🤖 AI Summary
Existing MDP-based counterfactual reasoning methods rely on prespecified causal models; however, observational and interventional data are typically compatible with multiple distinct causal models, leading to non-unique counterfactual distributions and undermining robustness and practicality.
Method: We propose the first nonparametric framework that computes tight bounds on counterfactual transition probabilities over *all* causal models consistent with the observed and interventional distributions. Our approach avoids assuming a specific causal graph, instead modeling uncertainty via interval MDPs and enforcing causal graph compatibility constraints to derive closed-form upper and lower bounds—bypassing the exponential optimization required by conventional methods. We further integrate worst-case reward optimization for robust policy learning.

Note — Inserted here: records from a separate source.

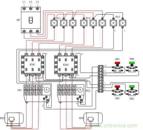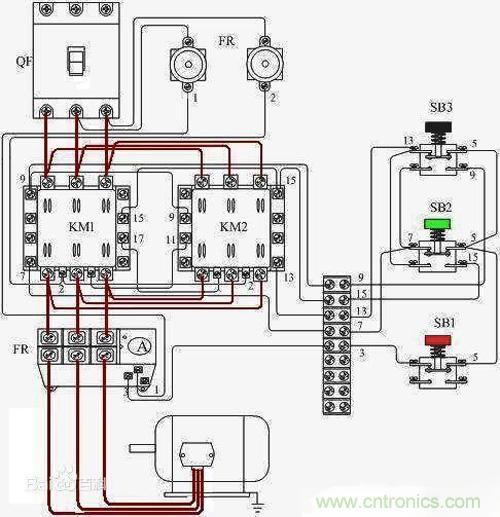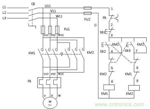 注意看左側的主回路,三項電L1,L2,L3通過接觸器KM1到達電動機M1的順序為左、中、右;而通過接觸器KM2到達電動機M1的順序為右、中、左。相序的改變實現(xiàn)了電機運轉方向的改變。這一用法用在電動汽車或電動三輪車上,即可實現(xiàn)倒車的功能?,F(xiàn)在有一種更方便的元件,叫做“倒順開關”,其原理便是如此。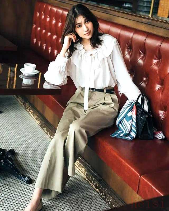 第九名,粉荷葉邊襯衫配斜紋褲,甜度被褲裝一刀砍半,約會(huì)感秒變“我可以自己回家”。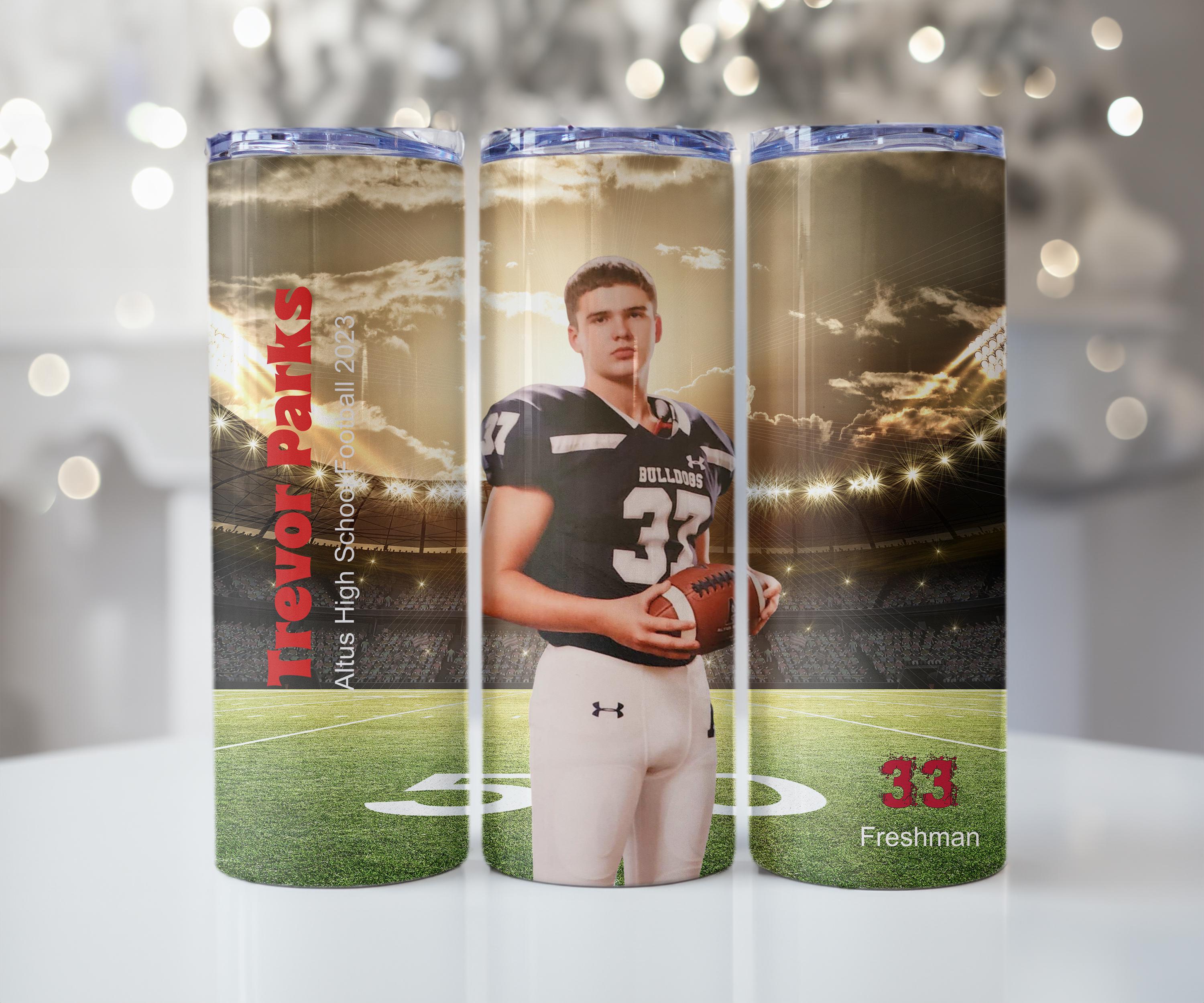 Elevate your game with our Customized Sports Tumblers! Personalize it with your favorite photo and enjoy easy sipping on the go with the included straw and lid. Keep it clean with the convenient cleaning brush. Get your game on!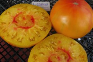 Високорослий сорт для теплиці з великими помідорами масою 400-500 г. Забарвлення дозрілих плодів просто заворожує – помідори стають оранжево-жовтими з червоним рум'янцем. При нормуванні кількості плодів в кистях деякі екземпляри можуть вирости до рекордного 1 кг!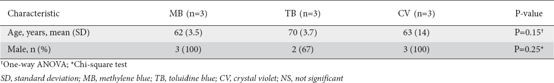 No significant difference in the baseline data of patients with SNADETs (age, sex, location, diameter, macroscopic type, and histology) was found between the 1% MB and 0.5% TB staining groups. Table 4 indicates that 1% MB achieved a significantly higher score compared with 0.5% TB (P=0.035) in all evaluation categories (general quality/structure/nuclei).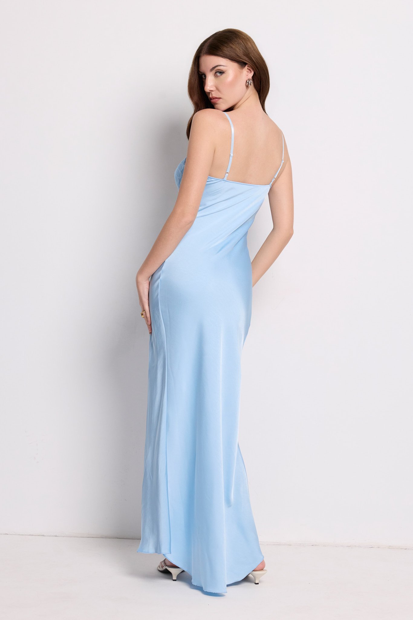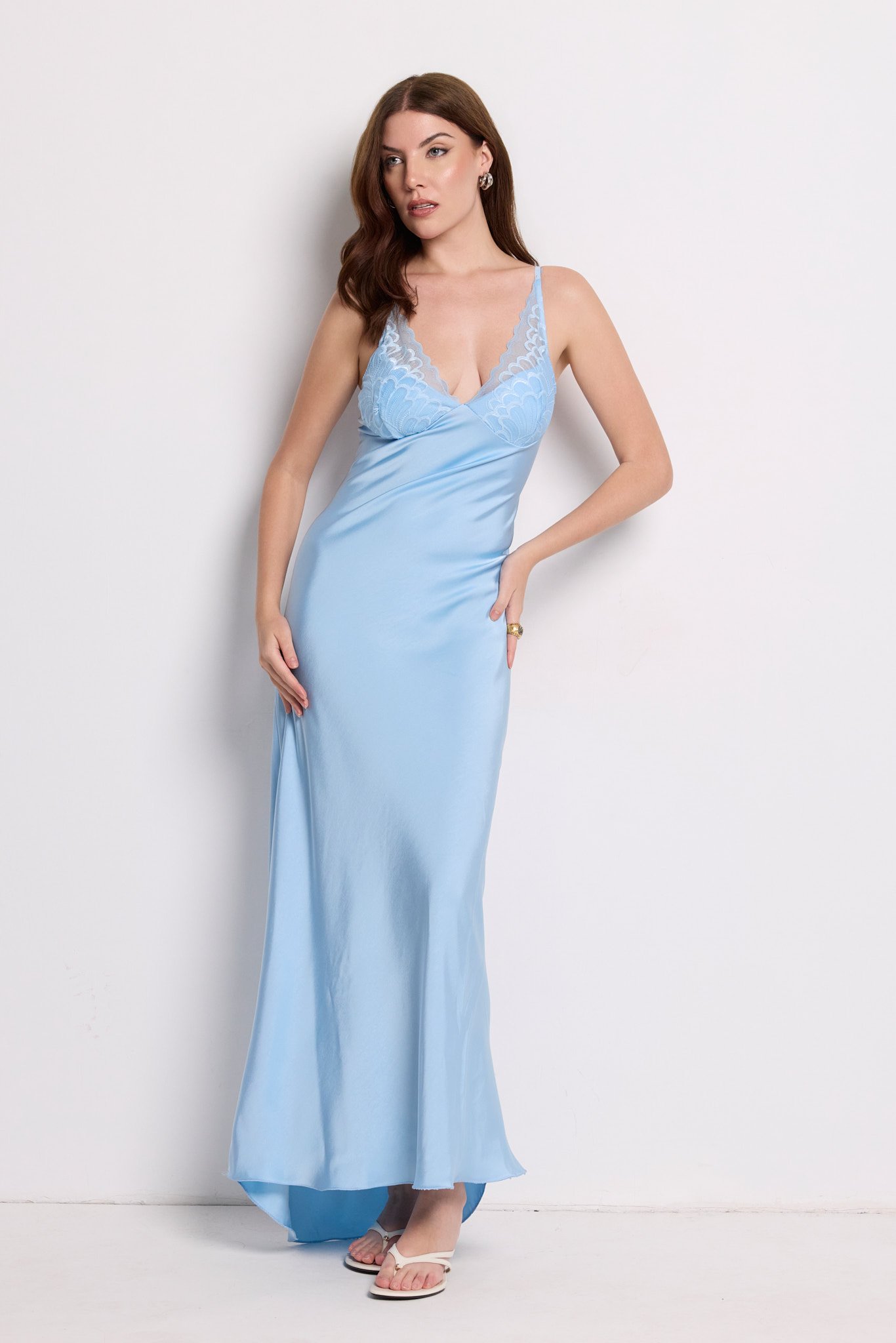 Vestido largo azul con detalle de encaje y tirantes finos. Romántico, elegante y perfecto para eventos especiales.

Contribution/Results: Experiments demonstrate significant improvements in counterfactual inference reliability across diverse MDP tasks, with scalability to large-scale problems.
📝 Abstract
This paper addresses a key limitation in existing counterfactual inference methods for Markov Decision Processes (MDPs). Current approaches assume a specific causal model to make counterfactuals identifiable. However, there are usually many causal models that align with the observational and interventional distributions of an MDP, each yielding different counterfactual distributions, so fixing a particular causal model limits the validity (and usefulness) of counterfactual inference. We propose a novel non-parametric approach that computes tight bounds on counterfactual transition probabilities across all compatible causal models. Unlike previous methods that require solving prohibitively large optimisation problems (with variables that grow exponentially in the size of the MDP), our approach provides closed-form expressions for these bounds, making computation highly efficient and scalable for non-trivial MDPs. Once such an interval counterfactual MDP is constructed, our method identifies robust counterfactual policies that optimise the worst-case reward w.r.t. the uncertain interval MDP probabilities. We evaluate our method on various case studies, demonstrating improved robustness over existing methods.